POSTED: 9:37 pm EST December 8, 2005

*BRADENTON, Fla. -- *A 19-year-old man strangled his mother and then went shopping at a nearby mall.......

Clifford Anthony Davis told investigators he killed his 42-year-old mother, Stephanie Davis....(and)had sex with the body.... .....after leaving his mother's half-nude body and going shopping, he came back to the apartment and killed his 77-year-old grandfather....
were planned and methodical. 

..............


Davis visited at least three stores in the mall, buying pants, a T-shirt, a bracelet, a necklace and a knife, police said. 


................

 Davis, who is 6-foot-4 and weighs 250 pounds....tried to kill his grandfather with a knife. When Hill put up a struggle, Davis stood on the man's neck until he died, police said. His body was found on the kitchen floor with his ankles bound together by duct tape and blood on his face. 

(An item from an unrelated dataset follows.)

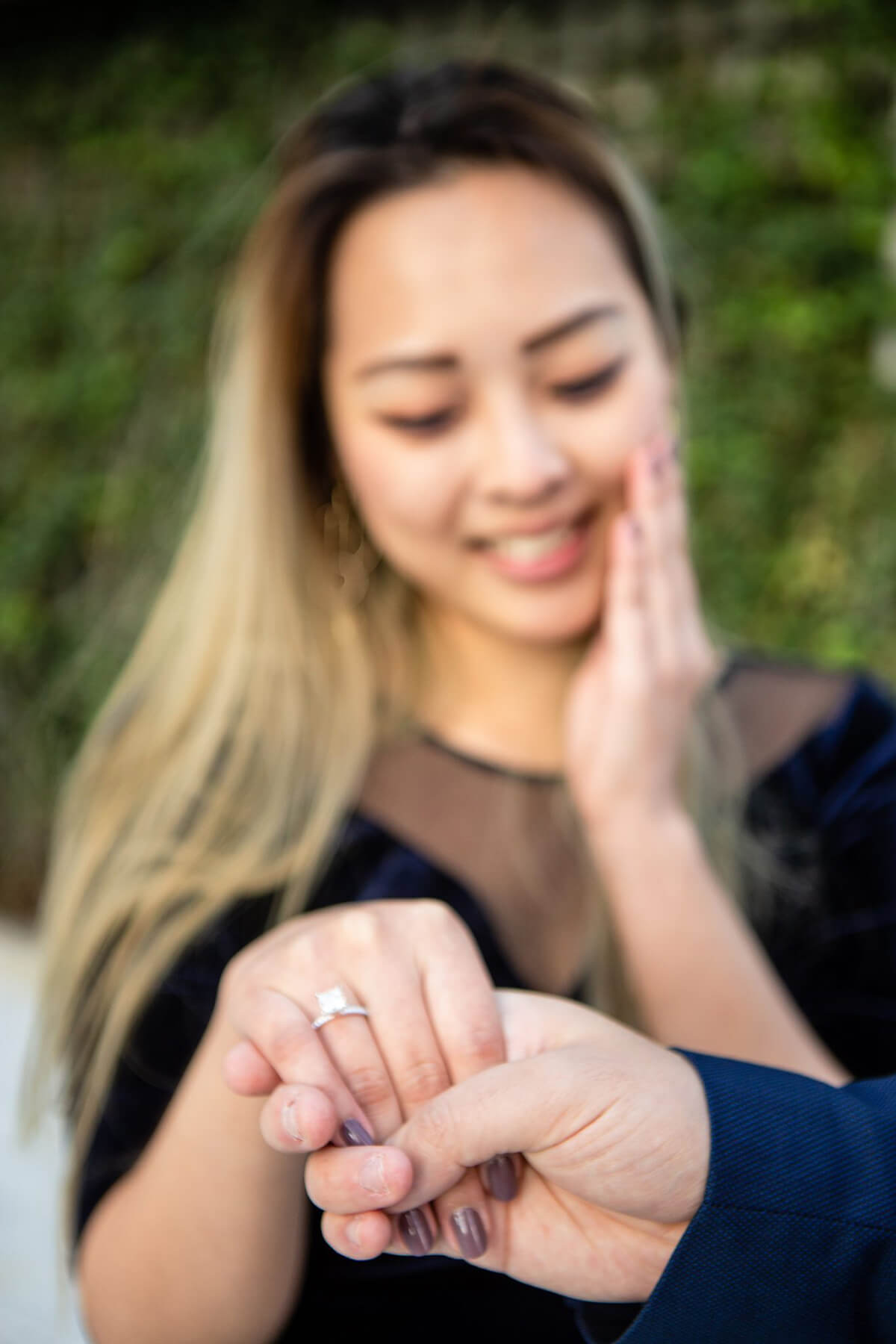 The interactive popup was full of photo ops and we even made it as the first 200 visitors! This meant that we received a mini oven sized pizza book within a DiGiorno book sleeve that plays the classic jingle when you open it. I was beyond ecstatic and so was Larry – or so I thought. He was secretly worried about having to carry this huge prop to our proposal. Afterward, we took an Uber over to the rooftop in Tribeca to grab a quick drink before dinner. We went up to the rooftop where Tatiana and Vlad (our proposal planner and photographer) had already set up a path of candles which led to a countertop table with a bottle of champagne, waiting for us. I was impressed by the elaborate setup and next thing I know, he was down on one knee with the ring, asking me to make him an even happier man by marrying him. I was overwhelmed and nodded happily while Tatiana and Vlad captured every moment of it. This was not the end. My heart was pounding as we’re winding down a familiar street to this mysterious restaurant. Entering through an unsuspecting door, we found ourselves seated at the chef’s counter at Atera where my childhood best friend worked. He knew that she would be the first person I would want to celebrate with and working in the restaurant industry meant that the only way to do so was to visit her. I’ve been dying to dine there and needless to say, the dinner was perfection. This was not the end either. He mentioned that he scouted out a cocktail bar a few blocks away for us to celebrate after dinner. I was a bit tired from the long day but reluctantly agreed. I am so glad I did. In the basement of Brandy Library, he had arranged for 40 of our closest friends to be in on the surprise and continue this celebration. One of my best friends had decorated the place with banners and balloons, a childhood friend came from out of town, another flew in from SF. Tears were streaming down my face by now being surrounded by all the love and support from people who have been dear to our hearts and who have witnessed our relationship grow over the years.

Davis' grandmother, Nancy Hill, discovered the bodies Monday morning. 

Read here....
http://http://www.local10.com/news/5497283/detail.html


----------



## Chimpie (Dec 14, 2005)

Yep, happened just a little north of me.  It's scary to think he could have been in the mall the same time I was.


----------



## 40sCutest (Dec 14, 2005)

I actually just read about a man who killed his wife, put her in the trunk, and then went to my local mall. He then stopped to have something to eat  where he blurted out " she just wouldn't shut the f*ck up." The girl at the restaurant called the police because of his strange behavior and they somehow found out. I wish I had the link to it but still.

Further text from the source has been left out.